Sampling and Bootstrap Distributions
Megan Ayers
Math 141 | Spring 2026
Friday, Week 6
Are you interested in data science and looking for a challenge? DataFest is an exciting opportunity to work with real-world data, collaborate with peers, and gain valuable experience!
Friday April 17 - Sunday April 19 at Willamette
To learn more and sign up, visit https://my.willamette.edu/site/computer-science/data-fest
Complete a worksheet comparing sampling and bootstrap distributions
Review our answers together

Q1: In Figure 1, why is the height of each bar 4? Describe this distribution.
There are four cards of each value in a deck.
The distribution has a “flat” shape, centered at 7 (mean = 7 and median = 7).
The distribution has a “large” spread. Standard Deviation: 3.78
[1] 1 10 1 9 6 11 4 5 9 6
Q2: Based on the code, which cards are in our sample? Use the cards to calculate our sample statistic (the sample mean) based on this sample.
We have two Ace’s (1’s), a 4, 5, two 6’s, two 9’s, a 10, and a Jack (11).
The sample mean is 6.2.
Q3: Based on the code above, how many cards are in each sample?
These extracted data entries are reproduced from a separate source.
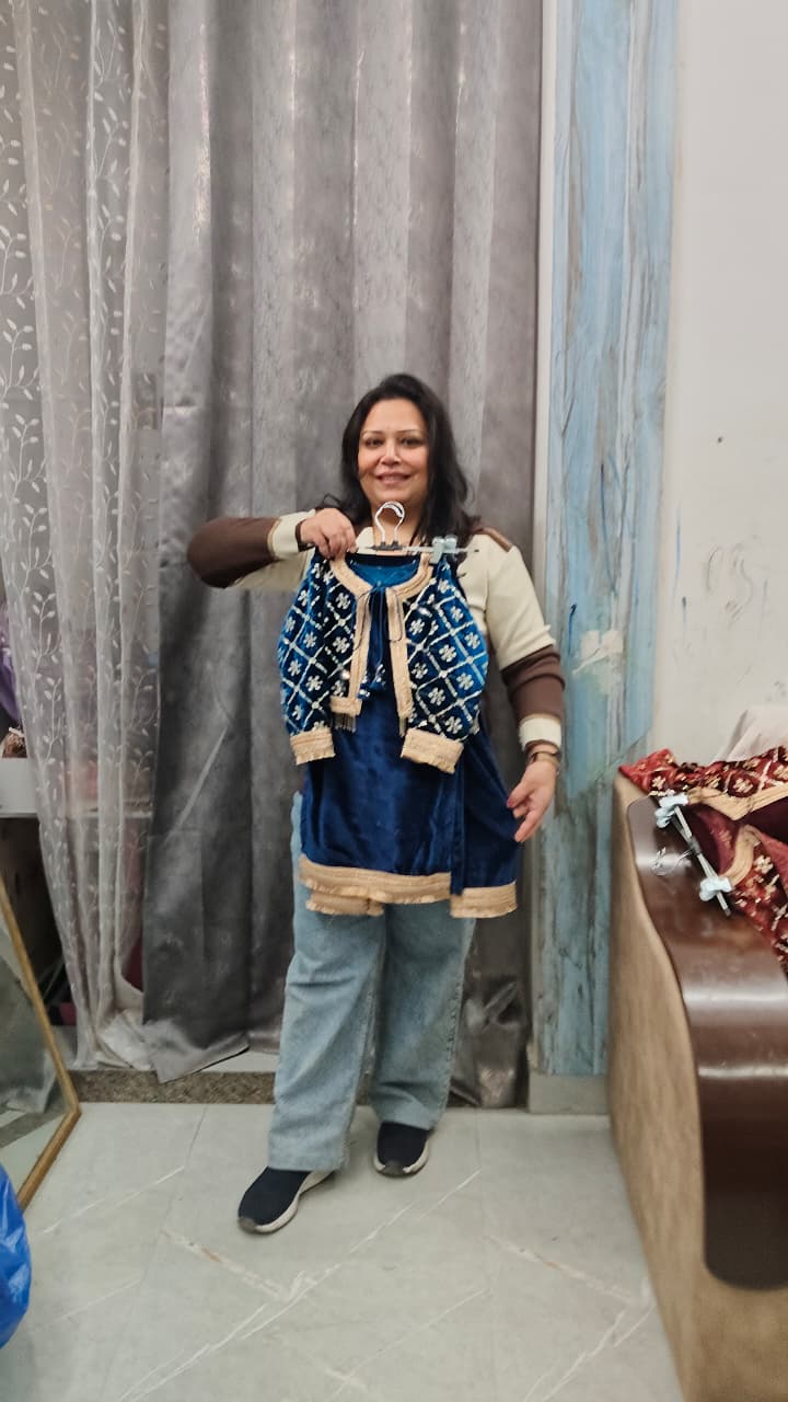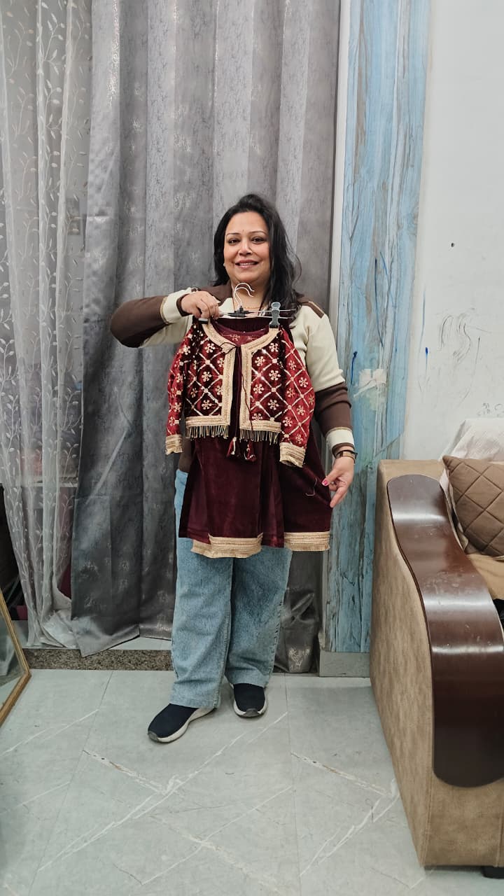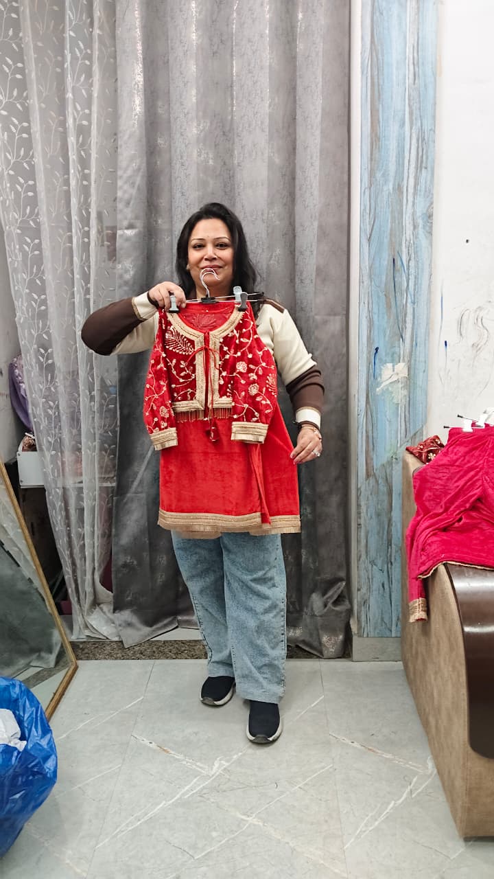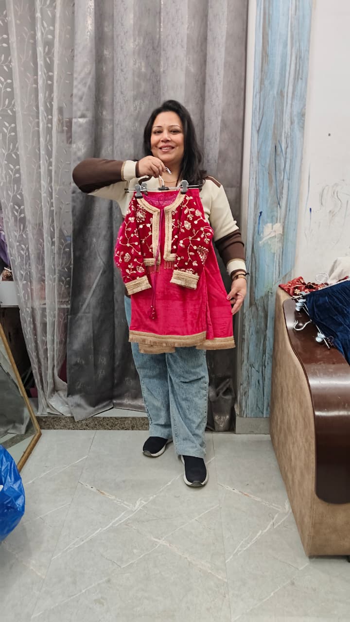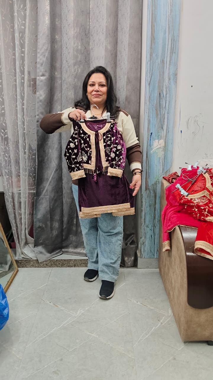 Premium velvet three piece to set with detachable hand work embroidered jacket with lining.
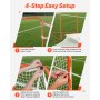 VEVOR-Aufbauanleitung für Lacrosse-Tor: Pfosten zusammenbauen, Rahmen aufstellen, Netz mit Riemen befestigen, Kanten sichern.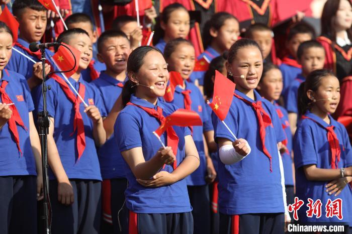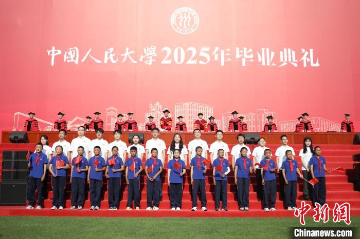 6月23日,中國(guó)人民大學(xué)2025年畢業(yè)典禮現(xiàn)場(chǎng),措果鄉(xiāng)中心小學(xué)的孩子們與人大畢業(yè)生們小手牽大手,相伴而立,共同唱響《萬疆》。主辦方供圖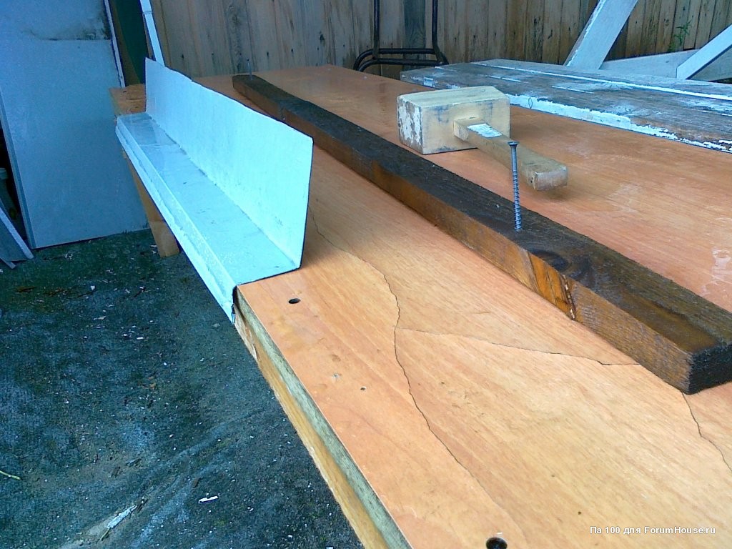 Таким образом гнул мет. листы для козырьков над окнами.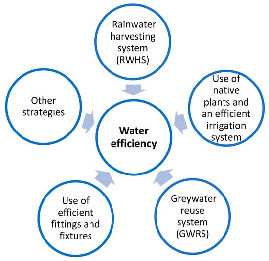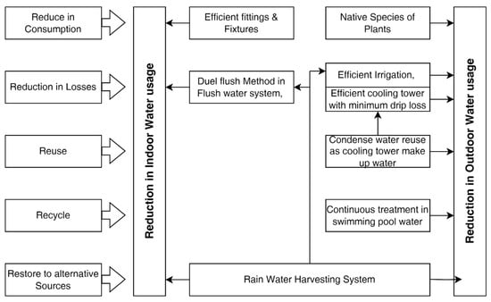 Water efficiency in a building can be achieved by applying the principle of the 5Rs: reduction in consumption, reduction in losses and waste, re-use, recycle and resort to alternative sources, as stated by [65]. These principles were incorporated into the LEED rating system [66]. Hence, the researcher deployed methodologies outlined in the LEED guidelines, as presented in Figure 3. A detailed description of each strategy to achieve the anticipated water consumption efficiencies in an office building in a hot, humid climate is provided below.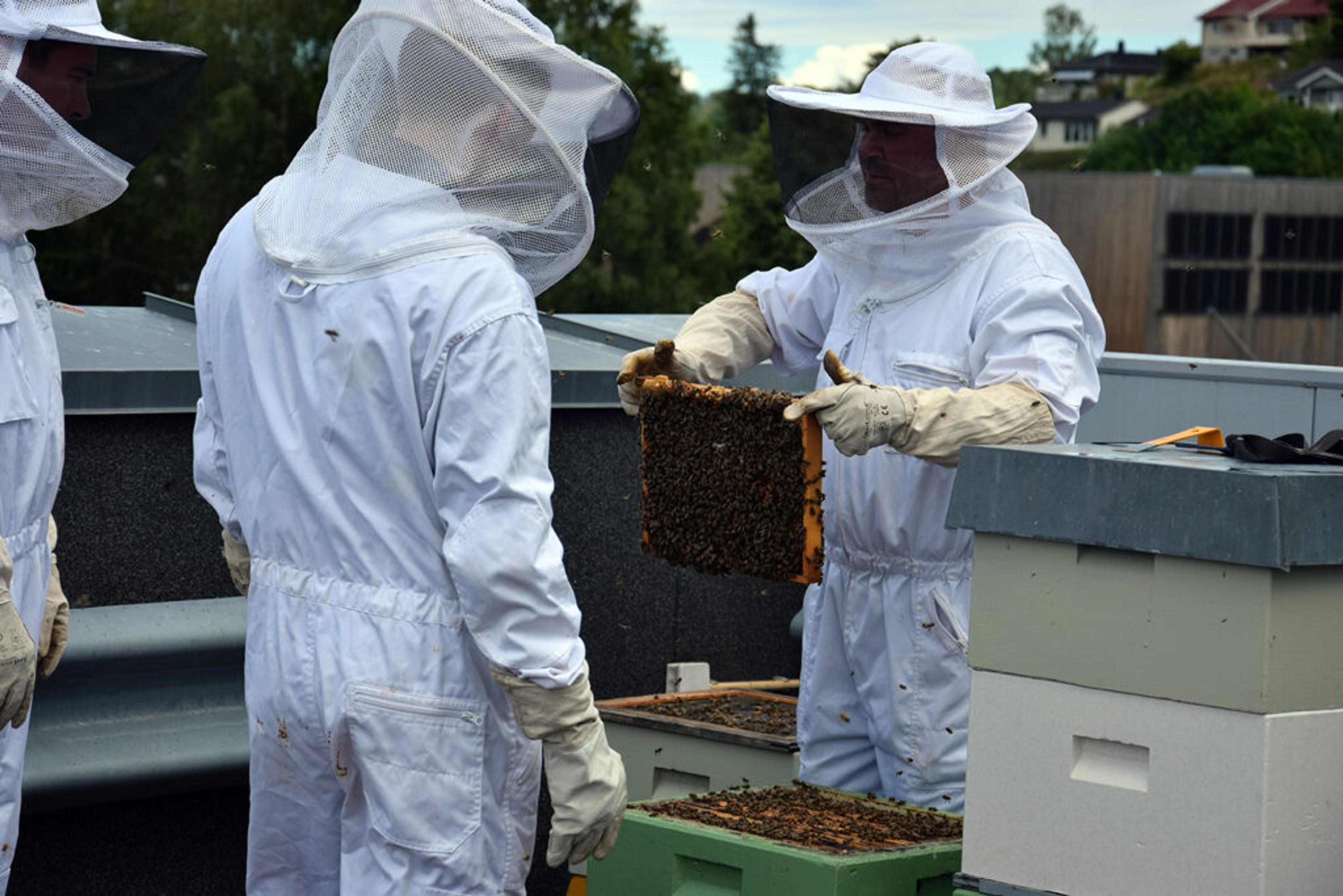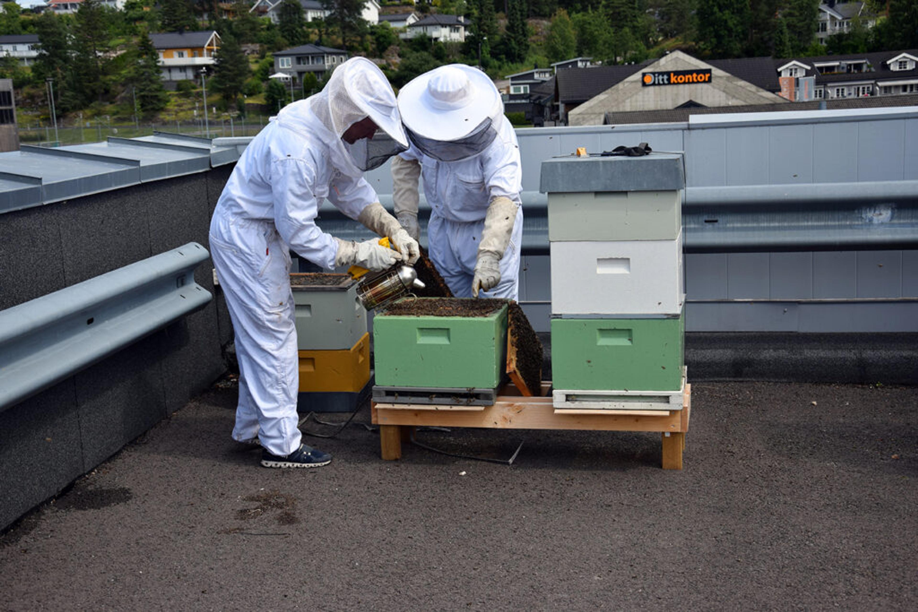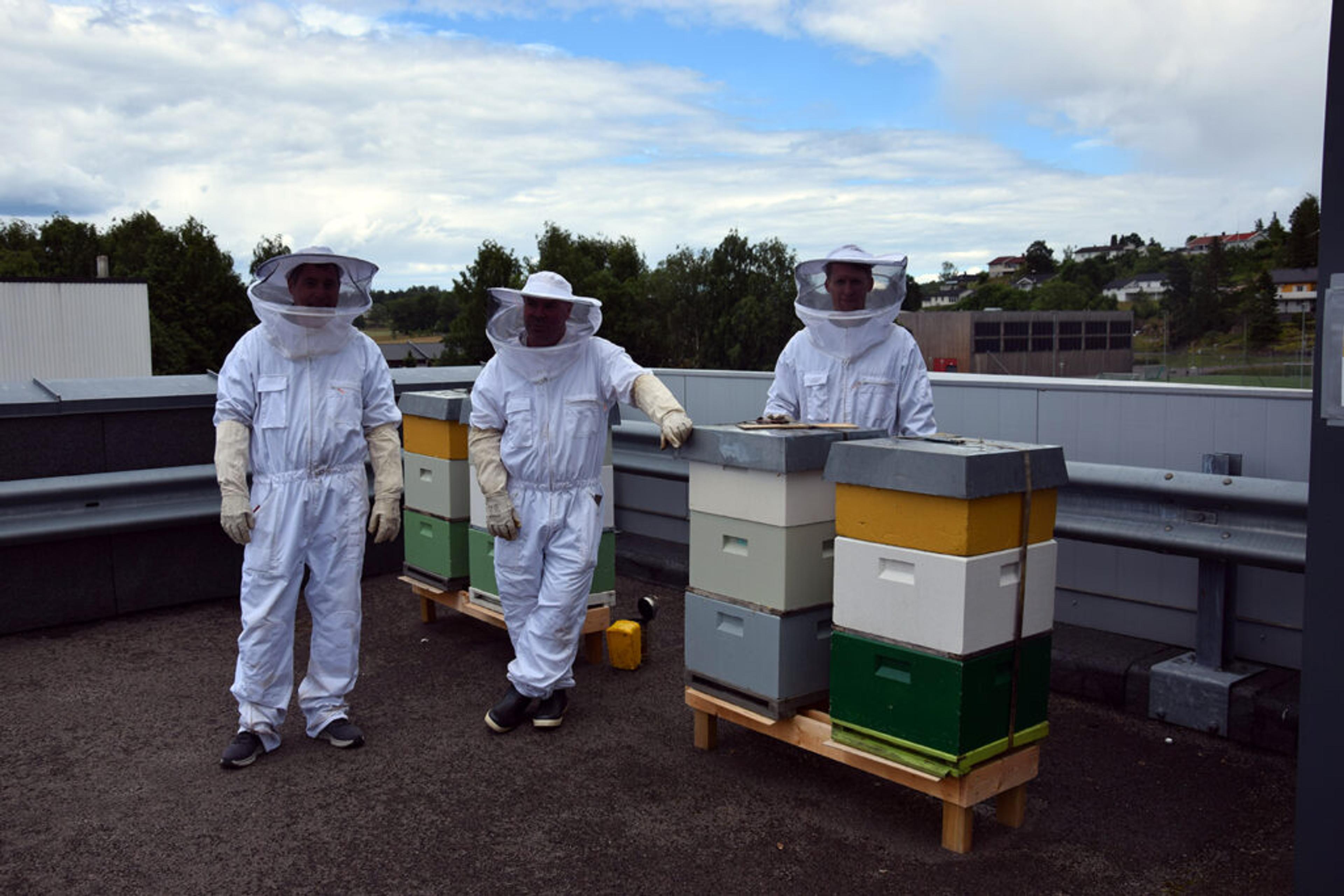 På toppen av parkeringshuset på Re-torvet er det i tillegg til biler nå også bier – her er det parkert fire bikuber som skal produsere kortreist honning.

How many different samples did we take to create the sampling distribution in Figure 2?
There are 10 cards in each sample, since size = 10.
We took 50,000 different samples, since reps = 50000.
Q4: Figure 3 (below) displays sampling distributions for samples of size n=10, n=20, and n=40. How are they similar and how are they different? Why do larger samples have sampling distributions with less variability?

Bell-shaped and centered at the true mean, 7.
They differ in their spread: \(n=10\) distribution has the largest standard error; the \(n=40\) distribution has the smallest standard error.
Q4: Figure 3 (below) displays sampling distributions for samples of size n=10, n=20, and n=40. How are they similar and how are they different? Why do larger samples have sampling distributions with less variability?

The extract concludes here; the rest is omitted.